Contrairement à la Terre, la Lune ne subit ni érosion atmosphérique, ni activité tectonique, ni phénomènes climatiques. Autrement dit, ce qui y est déposé peut potentiellement rester intact pendant des millions d’années. À environ 384 400 kilomètres de vous, la Lune devient ainsi un sanctuaire naturel, presque un coffre-fort à l’échelle cosmique. À l’heure où vos données numériques dépendent de formats changeants et de technologies rapidement obsolètes, l’idée est de créer une archive indépendante des supports électroniques actuels.
Vingt-quatre disques de saphir pour raconter l’humanité
Le cœur du projet repose sur 24 disques en saphir industriel, chacun d’environ 10 centimètres de diamètre pour 1 millimètre d’épaisseur. Ce matériau a été choisi pour sa résistance exceptionnelle aux variations de température et aux radiations. Les informations y sont microgravées au laser sous forme de micropixels analogiques.

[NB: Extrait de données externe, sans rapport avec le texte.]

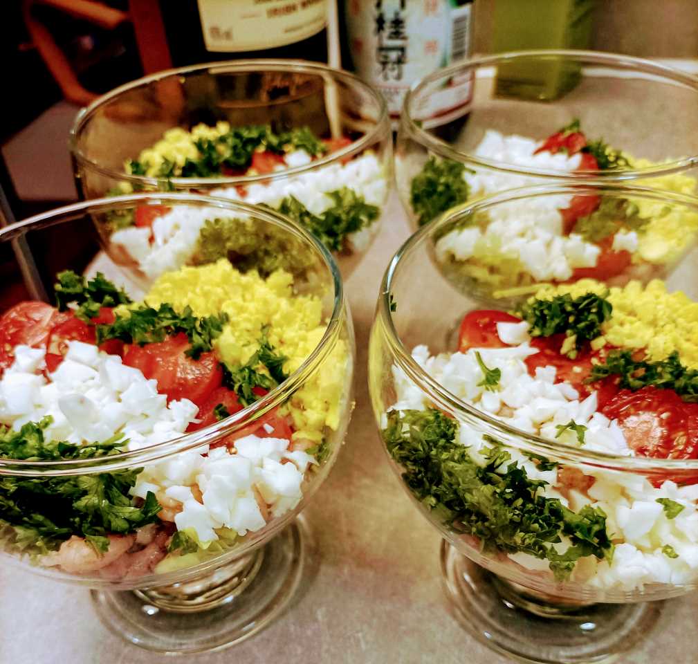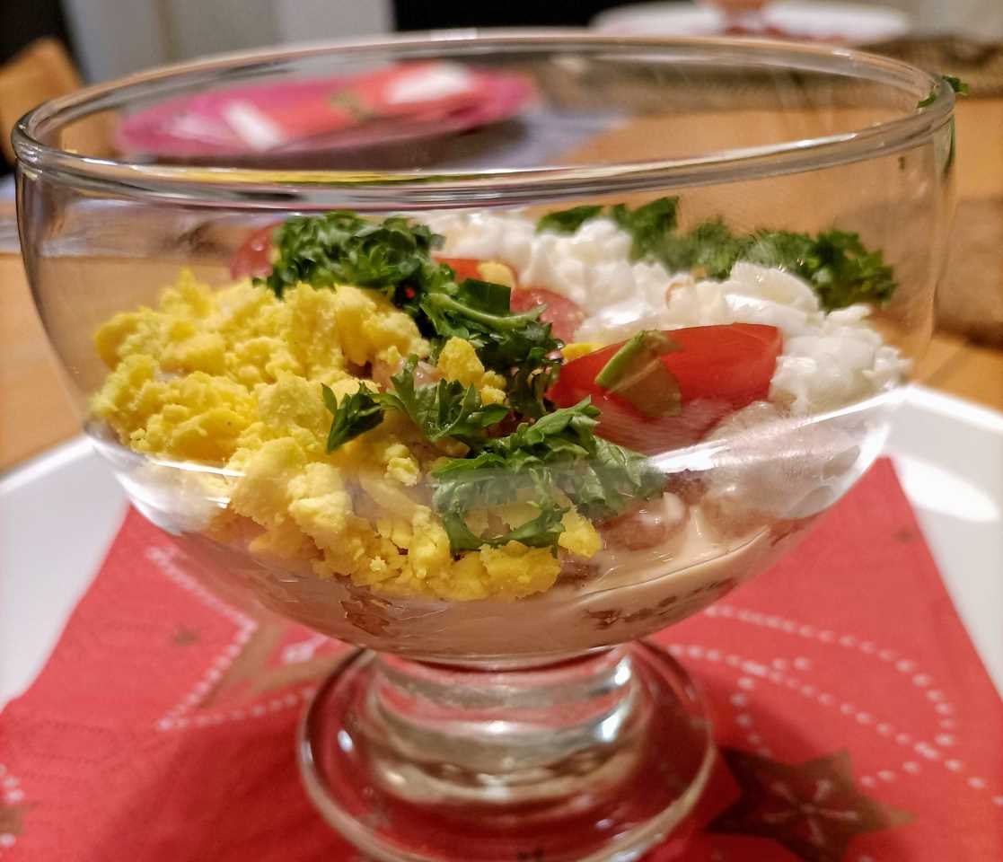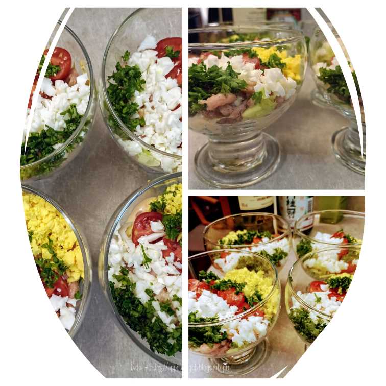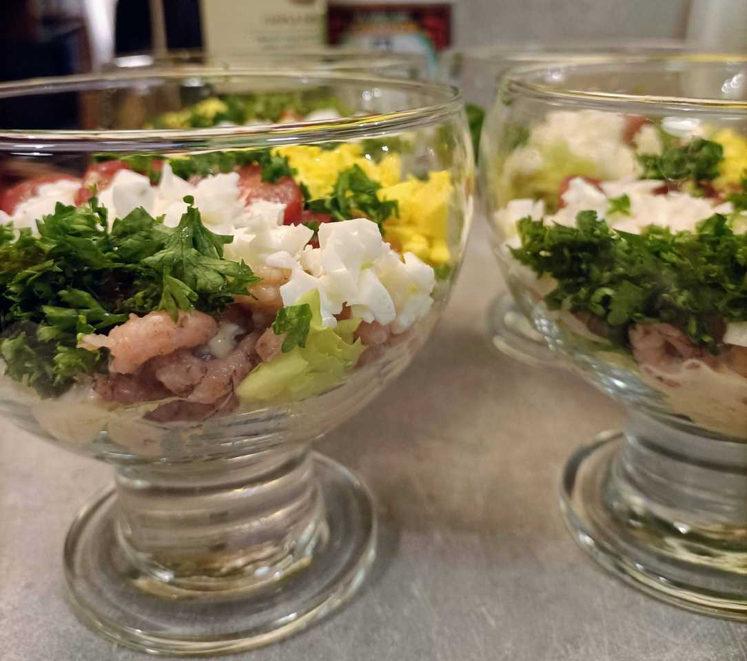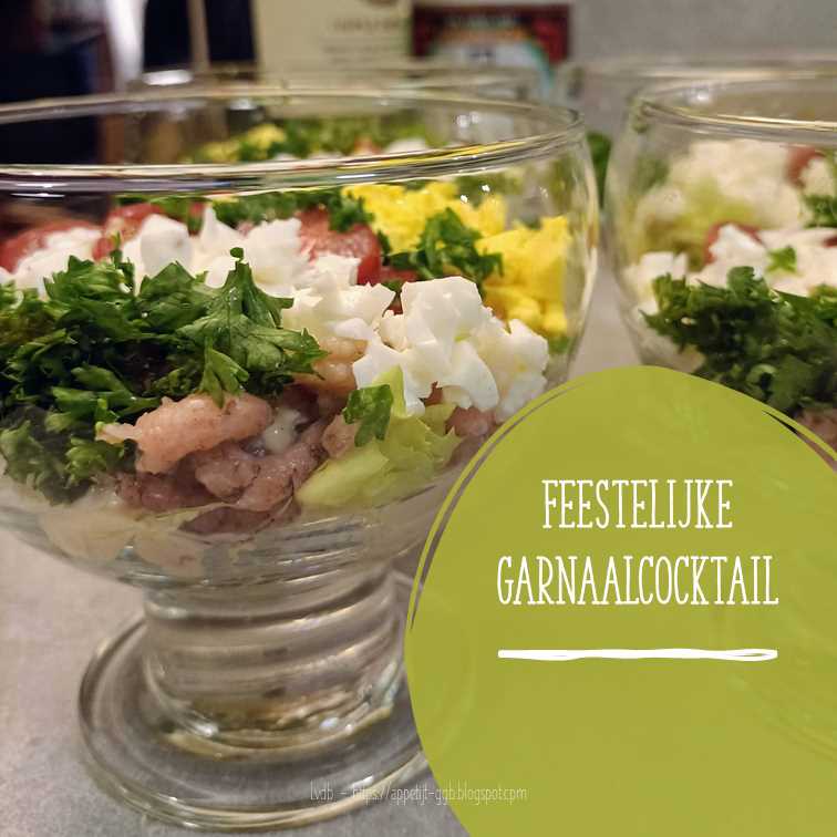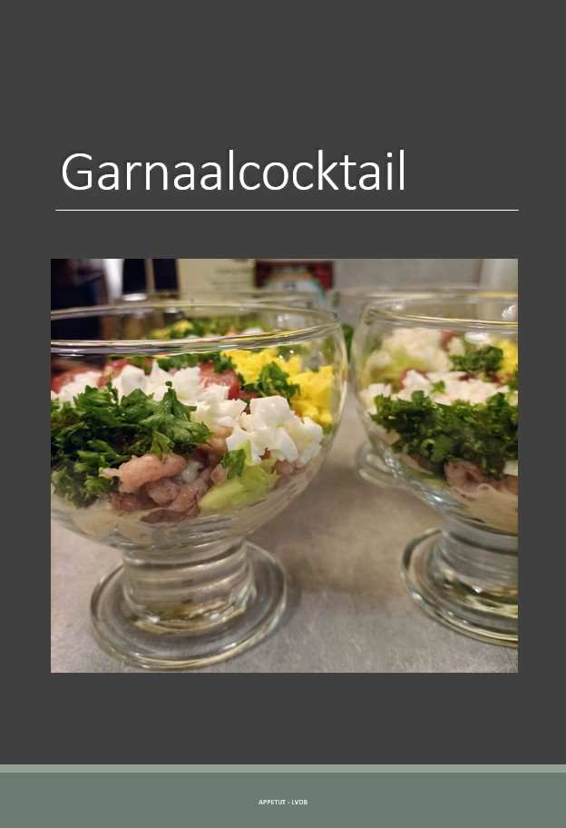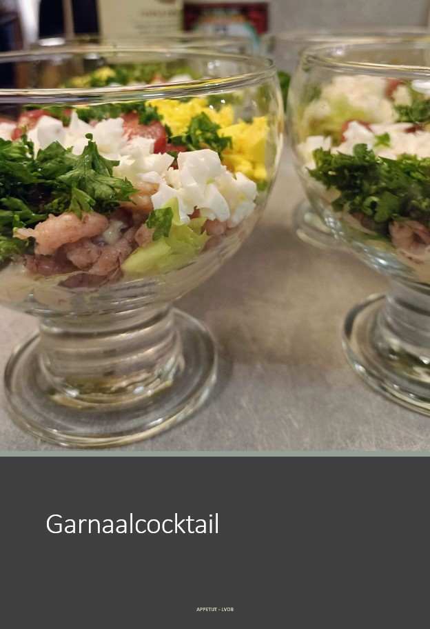 - De garnaalcocktail afwerken met tomatenblokjes, fijngehakt ei en peterselie.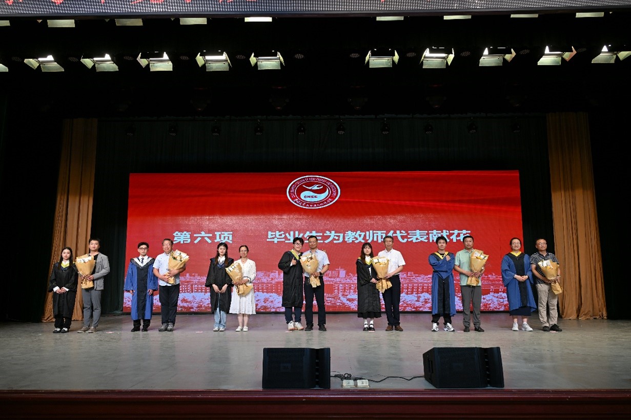 典礼前播放了公司教师毕业寄语视频,本科毕业年级辅导员霍美汐、研究生和本科生代表献唱《如果我们不曾相遇》。毕业典礼在激昂的国歌声中开始,公司党委副书记兼副经理吴哲宣读《关于表彰2024届优秀毕业生的决定》,公司经理许天福和党委书记汪祥松为优秀毕业生颁发证书。公司党委副书记温卓宣读《太阳集团122cc关于授予2024届毕业生学位的决定》,主礼教授许天福教授、李鸿雁教授、郑娜教授、卞建民教授、花修艺教授、董军教授为319名毕业生授予学位、拨动流苏。学位授予仪式后,毕业生代表为优秀毕业论文指导教师献花,感谢老师们的辛勤付出。副经理徐军为2024届员工年级理事颁发聘书,呼吁员工们持续关注公司和公司发展,为母校建设建言献策。

L’objectif est audacieux : permettre une lecture à l’œil nu ou avec une simple loupe, sans technologie complexe. Chaque disque peut contenir plusieurs milliards de pixels, intégrant des milliers de pages sous forme d’images, schémas ou planches explicatives. La gravure est réalisée avec le concours d’institutions scientifiques françaises, dont le Commissariat à l’énergie atomique et aux énergies alternatives (CEA). L’ensemble sera placé dans un conteneur certifié pour résister aux contraintes du voyage et du dépôt lunaire.
Que transmettre de nous ?
« Sanctuary on the Moon » s’articule autour d’une question vertigineuse : que souhaitez-vous transmettre de votre civilisation à l’échelle de millions d’années ? Le contenu se structure en trois volets : ce que nous sommes, ce que nous savons et ce que nous faisons. On y retrouve des éléments liés aux mathématiques, aux sciences naturelles, à la paléontologie, à l’histoire de l’art et aux grandes réalisations culturelles.
Le projet inclut également l’archivage de génomes humains masculin et féminin, séquencés au Canada par le Michael Smith Genome Sciences Centre (BC Cancer). Les profils, appelés « génomenautes », ont été sélectionnés selon une procédure décrite comme anonyme et encadrée scientifiquement. L’UNESCO accompagne la dimension patrimoniale du projet, notamment à travers l’intégration de contenus relatifs aux sites inscrits au patrimoine mondial et à des textes majeurs en matière de bioéthique et de droits humains.
Entre fascination et polémique sur les réseaux sociaux
Comme souvent avec les projets spatiaux, l’annonce ne fait pas l’unanimité. Sur les réseaux sociaux, certaines voix dénoncent ce qu’elles perçoivent comme une nouvelle forme de pollution de l’espace. Pour ces critiques, l’humanité a déjà suffisamment saturé la Terre pour éviter d’exporter ses traces ailleurs.
D’autres, au contraire, se disent émerveillés par ce que la technologie rend désormais possible. Beaucoup parlent d’une évolution « dingue » des capacités humaines et saluent l’audace d’un projet qui ose penser le temps long, bien au-delà des cycles politiques ou économiques. Entre inquiétude écologique et admiration scientifique, le débat reflète une question plus large : comment conjuguer exploration, responsabilité et mémoire collective ?
En définitive, au-delà de la prouesse technique, « Sanctuary on the Moon » interroge notre rapport à la transmission. Dans un monde où tout s’actualise, se remplace et se télécharge, choisir la gravure pérenne et la stabilité lunaire relève presque d’un geste philosophique. Archiver l’histoire humaine sur la Lune, c’est accepter de penser notre existence à l’échelle cosmique.